↓

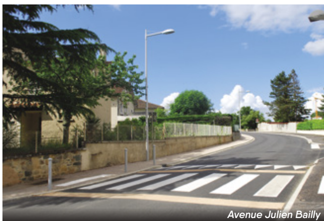
Avenue Julien Bailly
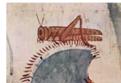
Sauterelle, tombeau de Horemheb, -1300
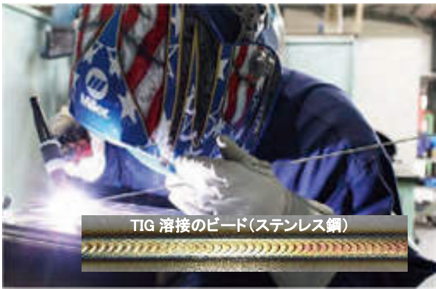
TIG 溶接のビード(ステンレス鋼)

アーク溶接 とは空気のような気体に電気を流す、放電現象を利用して金属を溶かして接合するものです。

↑

▶ Problem requirements
Repeat verbatim all the material, but not the pictures.

▶ Response to this task
Avenue Julien Bailly
Sauterelle, tombeau de Horemheb, -1300
TIG 溶接のビード(ステンレス鋼)

アーク溶接 とは空気のような気体に電気を流す、放電現象を利用して金属を溶かして接合するものです。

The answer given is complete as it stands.